(319d) Rheology of Capillary Foams

Aqueous foams are ubiquitous; they appear in a variety of products and processes that span the cosmetics, food, material processing and energy industries. The versatile applicability of foams come as a result of their viscous and elastic properties; for example, foams are exploited as drilling fluids in enhanced oil recovery for their high viscosity. The understanding of foam properties through rheology has been very important to the effective application of foams in different processes and despite challenges of foam instability in foam rheology studies, numerous measurements on the viscoelasticity of foams have been reported. Quite recently, a new class of long-term stable foams called capillary foams have been discovered to create more stable foams than surfactant and particle stabilized foams. The unique architecture of these foams, containing oil-coated bubbles and a gelled network of oil-bridged particles, is expected to affect the rheology of these foams. However, capillary foam rheology and its deviations from traditional foam rheology have not been studied.

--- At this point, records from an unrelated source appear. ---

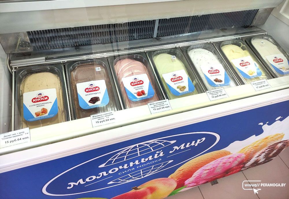 На современных стеллажах размещены конфеты, шоколад, кофе и другие товары. Появился и раздел весового мороженого, где представлены разнообразные вкусы: клубника, соленая карамель, фисташки и другие.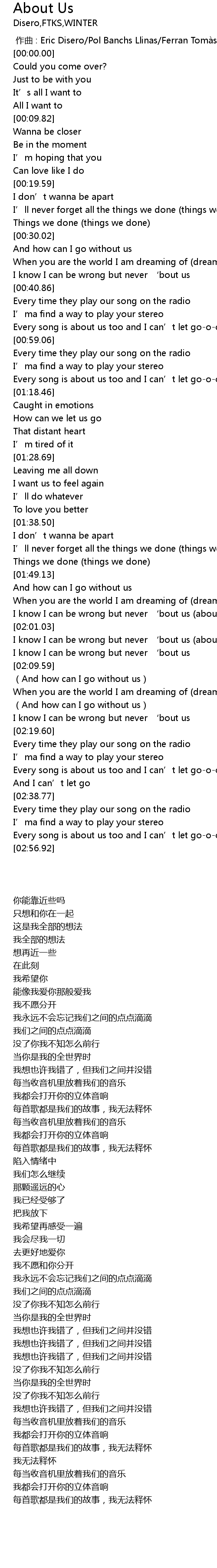 | [02:49.40] | Every song is about us too and I can' t let goooooh, oooooh |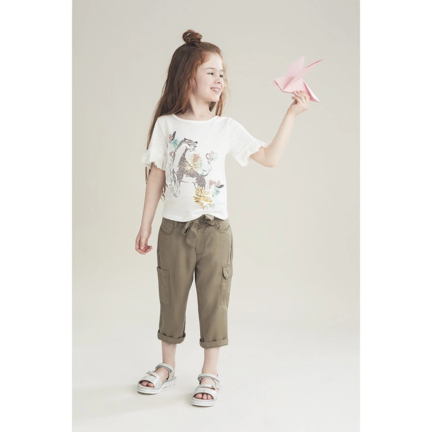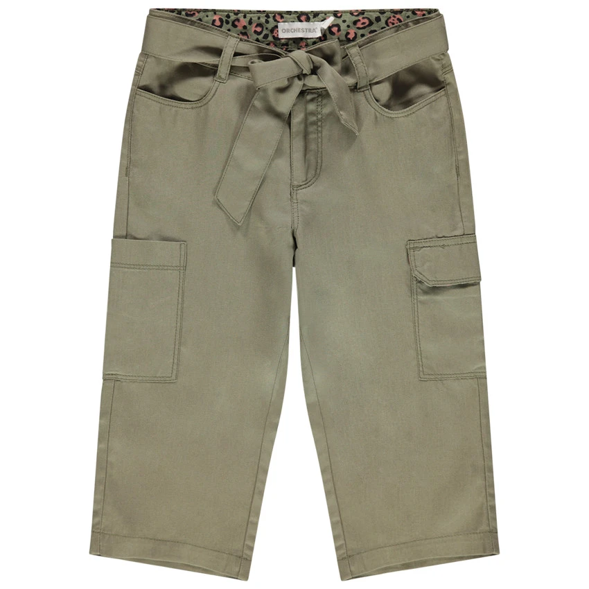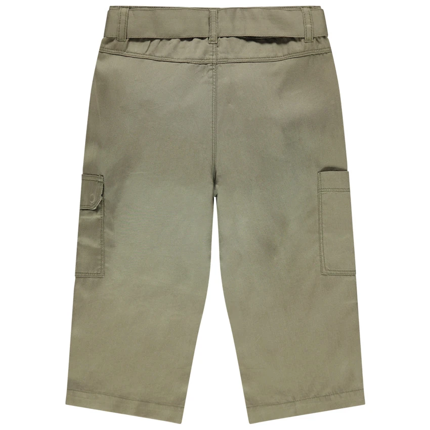 Pantacourt kaki en lyocel. Taille ajustable de l’intérieur par élastique et boutons. Ceinture à passants avec bouton et braguette zippée. 2 poches cavalières. Ceinture à nouer. 2 poches à rabat sur les jambes.

In this work, we present rheological data on capillary foams. We study the viscoelastic properties of capillary foams by conducting different oscillatory and rotational tests. We compare and discuss our observations on capillary foam properties to the rheological properties reported for traditional aqueous foams and other soft materials. We observe that capillary foams, although significantly different in architecture and composition, have some similarities with conventional foams in their viscoelasticity. Lastly, we discuss, on the basis of the observed properties, the implications of these results and potential applications for capillary foams in tuning of processes and formulation of new foam products.